Endoscopy 2013; 45(S 02): E101
DOI: 10.1055/s-0032-1326277
Cases and Techniques Library (CTL)
© Georg Thieme Verlag KG Stuttgart · New York

Endoscopic treatment of an epiphrenic diverticulum using a fully covered self-expanding metal stent

A. Aiolfi
Division of General Surgery, Department of Biomedical Sciences for Health, University of Milan, IRCCS Policlinico San Donato, Milan, Italy
,
D. Bona
Division of General Surgery, Department of Biomedical Sciences for Health, University of Milan, IRCCS Policlinico San Donato, Milan, Italy
,
L. Bonavina
Division of General Surgery, Department of Biomedical Sciences for Health, University of Milan, IRCCS Policlinico San Donato, Milan, Italy
› Author Affiliations
Further Information

Corresponding author

L. Bonavina
Policlinico San Donato
via Morandi 30
20097 San Donato Milanese (Milano)
Italy   
Fax: +39-02-52774622   

Publication History

Publication Date:
22 March 2013 (online)

 

Pulsion diverticula develop over the distal 10 cm of the esophageal body and generally project from the right side [1]. Disabling dysphagia and regurgitation are the most common symptoms; recurrent pulmonary complications from aspiration occur in up to 45 % of affected patients [2]. An underlying motility disorder is demonstrated in 81 % of the patients [3]. Surgical therapy is mandatory when symptoms are incapacitating or if life-threatening respiratory complications occur.
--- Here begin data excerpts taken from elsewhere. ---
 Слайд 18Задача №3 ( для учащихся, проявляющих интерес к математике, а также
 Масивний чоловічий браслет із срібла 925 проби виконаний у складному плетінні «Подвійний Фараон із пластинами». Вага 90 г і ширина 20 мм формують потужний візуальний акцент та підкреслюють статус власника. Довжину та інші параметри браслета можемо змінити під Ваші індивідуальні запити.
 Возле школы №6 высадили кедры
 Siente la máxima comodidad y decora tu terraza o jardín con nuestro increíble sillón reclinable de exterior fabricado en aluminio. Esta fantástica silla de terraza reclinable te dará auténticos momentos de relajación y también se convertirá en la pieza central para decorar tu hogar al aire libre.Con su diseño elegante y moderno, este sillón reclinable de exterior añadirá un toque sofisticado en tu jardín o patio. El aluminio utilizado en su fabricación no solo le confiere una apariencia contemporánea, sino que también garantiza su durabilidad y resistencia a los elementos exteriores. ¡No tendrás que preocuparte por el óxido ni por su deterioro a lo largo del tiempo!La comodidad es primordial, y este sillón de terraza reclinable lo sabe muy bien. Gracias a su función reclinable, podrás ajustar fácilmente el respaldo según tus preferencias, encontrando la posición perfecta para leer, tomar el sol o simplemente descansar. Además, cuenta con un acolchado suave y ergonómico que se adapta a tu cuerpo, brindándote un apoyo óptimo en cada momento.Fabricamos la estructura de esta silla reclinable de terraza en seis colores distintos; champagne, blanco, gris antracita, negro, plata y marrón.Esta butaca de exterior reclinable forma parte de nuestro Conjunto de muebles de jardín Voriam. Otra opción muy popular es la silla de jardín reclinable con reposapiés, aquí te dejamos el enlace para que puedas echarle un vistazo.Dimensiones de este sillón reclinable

The ideal operation includes diverticulectomy, myotomy, and fundoplication through a laparoscopic or thoracoscopic approach. Although the long-term results of such an operation are satisfactory, esophageal leaks can occur and may cause mortality [1]. Pneumatic dilation of the cardia has been the only viable option in high-risk patients, but this procedure may result in perforation and the overall clinical results have been disappointing [4].
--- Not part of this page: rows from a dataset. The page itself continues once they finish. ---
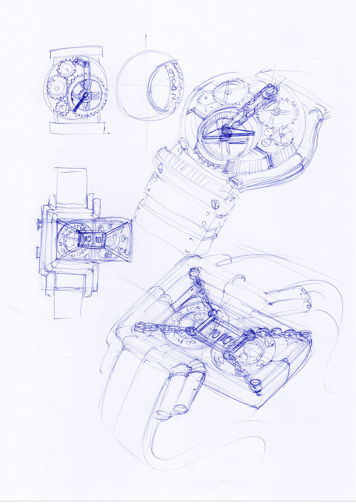 • Object: A wrist-worn steampunk “drift module”: a compact mechanical core containing an eccentric internal cavity that dictates the external silhouette. The cavity drives the logic of pipes, gauges, ducts, or coil housings emerging around it.
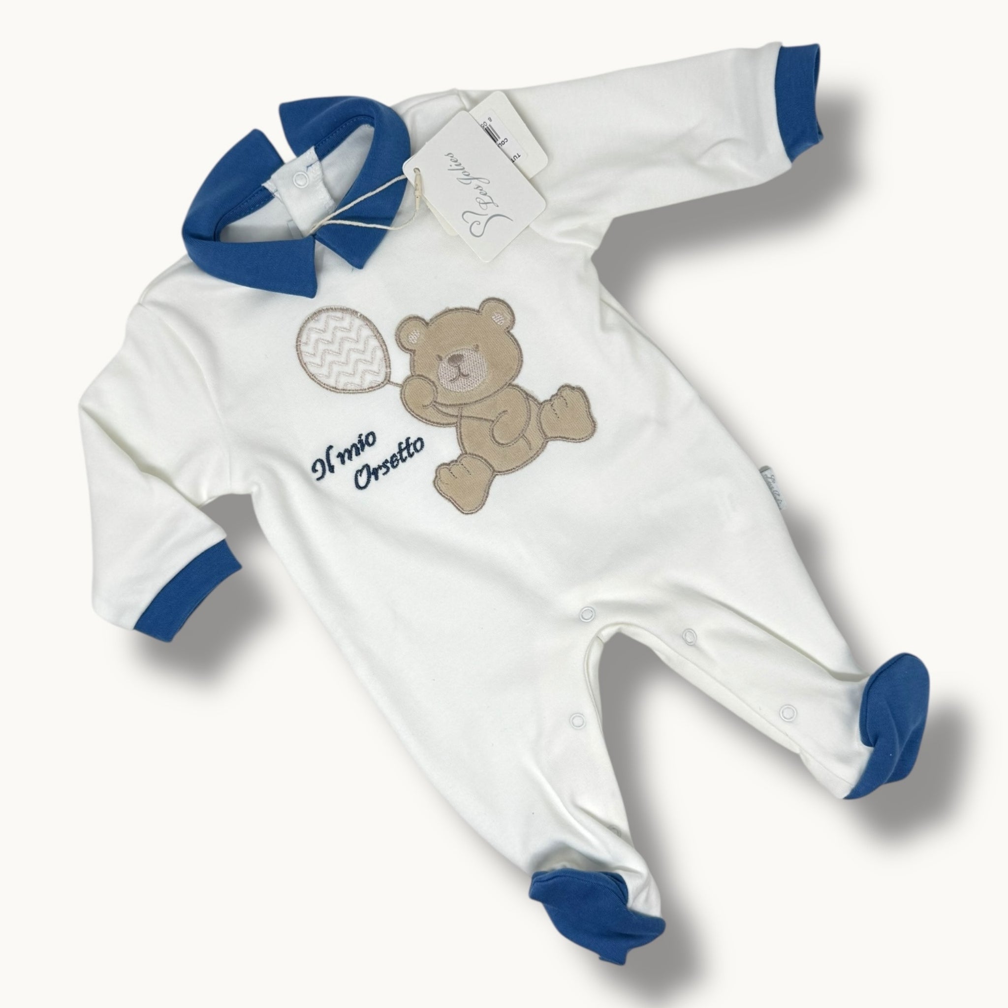 Les Jolies Tutina Maschietto Ricamata In Caldo Cotone 100% Art. Lj341-8
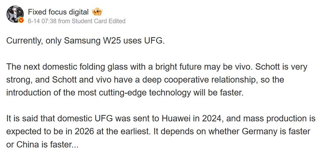 A Huawei já recebeu o primeiro lote destes painéis no ano passado e prevê-se que a produção em massa arranque em 2026, altura em que o Mate XT 2 deverá chegar ao mercado equipado com esta tecnologia inovadora. Até ao momento, apenas o Samsung W25 utiliza um ecrã UFG, colocando a Huawei como uma das primeiras marcas a apostar nesta solução para os seus modelos dobráveis de topo.

An 87-year-old woman with a history of cardiac arrhythmia and previous implantation of a pacemaker was admitted to our department with a 5-cm epiphrenic diverticulum ([Fig. 1]). She had a 5-year history of worsening dysphagia for solid food, regurgitation, and more than 10 % weight loss. Multiple previous endoscopic dilations had been unsuccessful. Her American Society of Anesthesiologists (ASA) score was 3, and both the patient and her family refused consent for a laparoscopic resection of the diverticulum.

Zoom Image
Fig. 1 Endoscopic view of the 5-cm epiphrenic diverticulum in a frail 87-year-old woman.
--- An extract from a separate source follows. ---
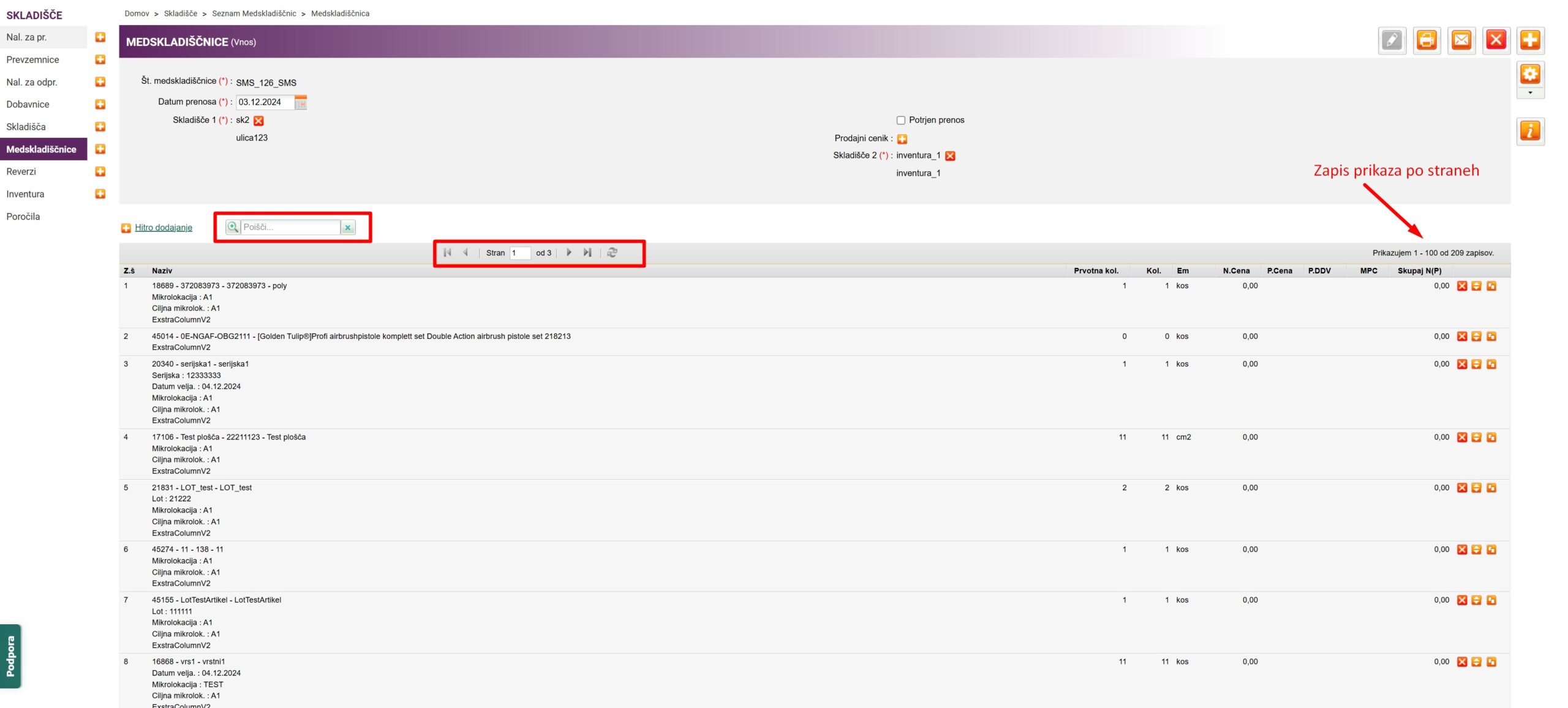 Prevzemnici in medskladiščnici smo uredili nadgradnjo, ki pri uvozu več kot 100 artiklov omogoča paginacijo za lažji pregled v dokumentu.
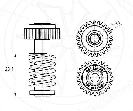 Пластикова шестерня з зносостійкого матеріалу PPA-CF30, PPACF30. Черв'як сервоприводу або черв'ячна передача сервоприводу турбіни. Довідковий розмір "С", Аналог: 667, CF555, 36-01-012, 641-122-667, 641122667. Застосовується в блоках Hella 6NW009550, 6NW009228, 6NW009660. Має 5 витків, діаметр 16,9 мм. Дана шестерня "С" застосовується при ремонті електронних сервоприводів турбін виробництва Hella. Шестірня поставляється в станодортном оригінальному розмірі, для досягнення кращого результату при ремонті актуатора турбіни, необхідно міняти разом з секторів позиції розміру "С", а також з підшипниками сектора. G-88, G-22, G-25, G-20, G-17, G-16, G-001, G-59, G-36, G-33, G-82, G-77, G-70, G-67, G-66, G-83

A fully covered 12-cm self-expanding metal stent (Hanarostent, M.I. Tech Co. Ltd, Seoul, Korea) was deployed across the cardia with the proximal cup at the distal margin of the neck of the diverticulum to allow for more direct emptying of the esophagus and the pouch. A chest radiograph confirmed the correct positioning of the stent ([Fig. 2]). The patient was discharged home on the second postoperative day with prescription of a proton pump inhibitor (PPI) twice daily. Over a follow-up period of 6 months, her dysphagia score improved from 3 (able to swallow liquids only) to 1 (able to swallow some solid food) [5]. A 3-kg weight gain was also noted.

Zoom Image
Fig. 2 The lateral chest radiograph showing correct placement of the 12-cm fully covered self-expanding metal stent.

To our knowledge this is the first reported case of an epiphrenic diverticulum being successfully managed with an esophageal stent in an elderly patient who was unfit for surgery.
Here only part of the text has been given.